Bremen – Im Vergleich zur 1:3-Heimniederlage am Sonntag gegen Turbine Potsdam änderte Kölns Trainer Sascha Glass seine Startformation auf einer Position: Mandy Islacker kehrte nach Verletzungspause zurück, dafür musste Amber Barrett weichen.

Chancen des Tages

Viele Beobachter rechneten bei diesem Kellerduell mit zwei abwartenden, sich belauernden Mannschaften. Doch den 246 Zuschauern auf dem Nebenplatz des Weserstadions bot sich eine abwechslungsreiche Partie, insbesondere im ersten Durchgang.

Den Kölnerinnen gelang ein schöner Spielzug, den Islacker mit einem Pass in die Spitze zu Weronika Zawistowska einleitete. Die Polin legte quer und die mitgelaufene Eunice Beckmann verpasste den Ball in der Mitte nur knapp (18.). Auf der Gegenseite behielt Kölns Torfrau Manon Klett die Nerven und parierte einen Schuss von Jasmin Sehan (31.).

Glücksmoment des Tages 

Es war die 66. Minute, als die bereits verwarnte Adriana Achcinska äußerst rustikal in den Zweikampf mit Jasmin Sehan ging. Bei einer zweiten gelben Karte hätte sich niemand beschweren dürfen. Die Schiedsrichterin Dr. Riem Hussein ließ jedoch Gnade vor Recht ergehen, sodass die körperbetont auftretende polnische Nationalspielerin auf dem Rasen bleiben durfte.

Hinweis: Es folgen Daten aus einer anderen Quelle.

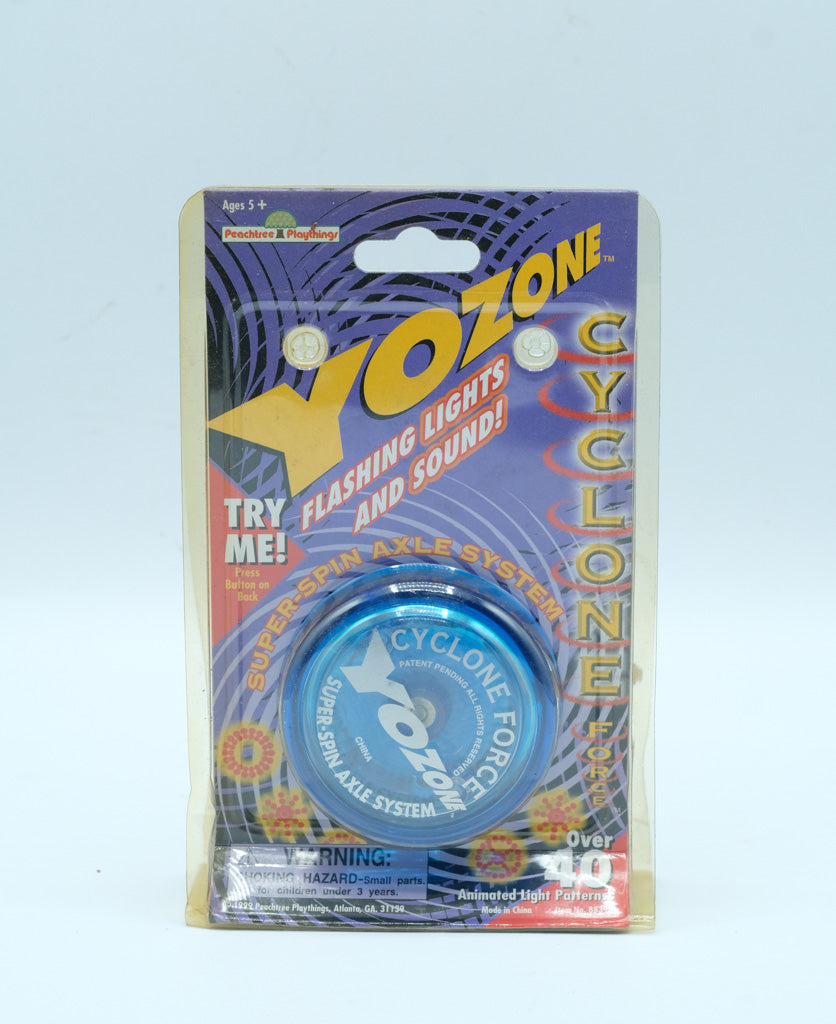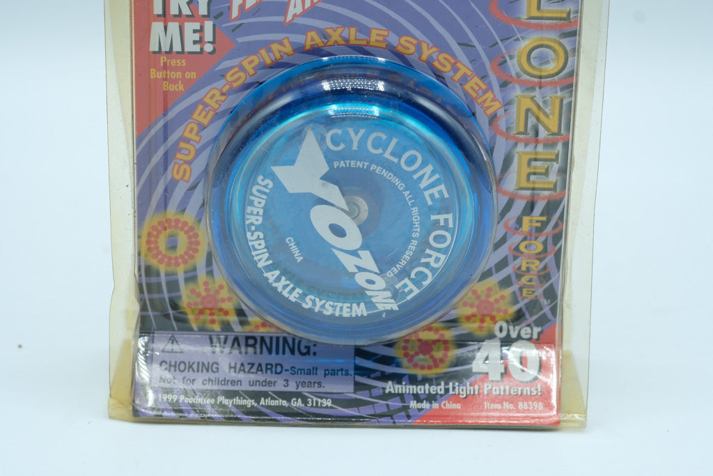 Blast back to the late 1990s yo-yo craze with this Yo-Zone Cyclone Force yo-yo, featuring flashing lights, sound effects, and a super spin axle system designed for high-speed tricks. This example remains unopened in its original blister packaging, making it an excellent collectible from the peak of the modern yo-yo revival era.
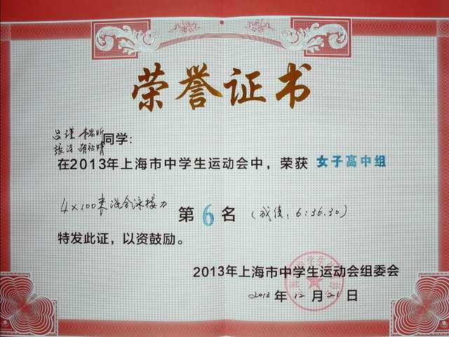 2013.12吕瑾、李思昕、张洁、胡祉睛----获2013年上海市中学生运动会女子高中组4×100米混合泳接力第六名(证书).jpg
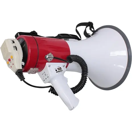 Kraftig megafon på 50 watt med USB og SD kortlæser og en rækkevidde på 600 meter.
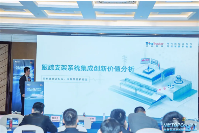 11月21日-24日,第二十届中国太阳级硅及光伏发电研讨会(20th CSPV)在中国深圳隆重举行。天合跟踪智控产品开发负责人廖格兵在“N型TOPCon时代 光储氢系统创新升级应用”分论坛上发表了《跟踪支架系统集成创新价值分析》主题演讲,从跟踪支架的的全新优化设计、N型组件与跟踪支架的系统集成优化设计、发电量模型LCOE测算优化、跟踪支架配合储能系统在调峰辅助侧的系统集成设计等方面进行系统集成创新价值分析,为赋能高质量电站发展提供技术及应用创新思路。
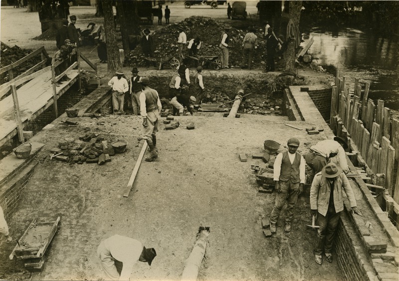 Operai a lavoro lungo l'argine di un fiumePantalena Volpe
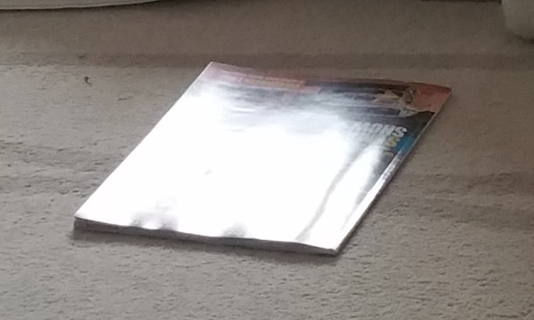 This was a very random occurrence. I raised from the desk after posting about TeamViewer in the "monitor" thread. Collapsed on a stool in a nearby room vegetating a while to shake off the cold. The eye fell on a magazine that was sitting on the carpet. That's a magazine, meant for reading. The photo (untreated, just cropped) exaggerates the horror, but not much - it compresses to white what in real world is seen as "almost white with a bit of original".

Schlachtenbummler des Tages

Es war eine kleine, rund ein Dutzend Fans zählende Gruppierung aus Köln, die sich an der Seite hinter den Trainerbänken hinter der bekannten Zaunfahne „1. FC Köln Powerfrauen“ versammelte und sich immer wieder mal akustisch zu Wort meldete. Gerade bei der übersichtlichen Kulisse an der Weser fiel die Gruppe durchaus auf.

Fazit

Das Unentschieden war am Ende leistungsgerecht, auch wenn Bremen dem Siegtreffer in der zweiten Hälfte etwas näher war als Köln. Mit dem Zähler hat der FC das Minimalziel erreicht, denn Verlieren war an der Weser verboten. Sollte nach der Länderspielpause am 5. Dezember gegen Sand ein Heimsieg gelingen, können die Kölnerinnen entspannte Weihnachten feiern und allmählich für ein zweites Bundesliga-Jahr planen.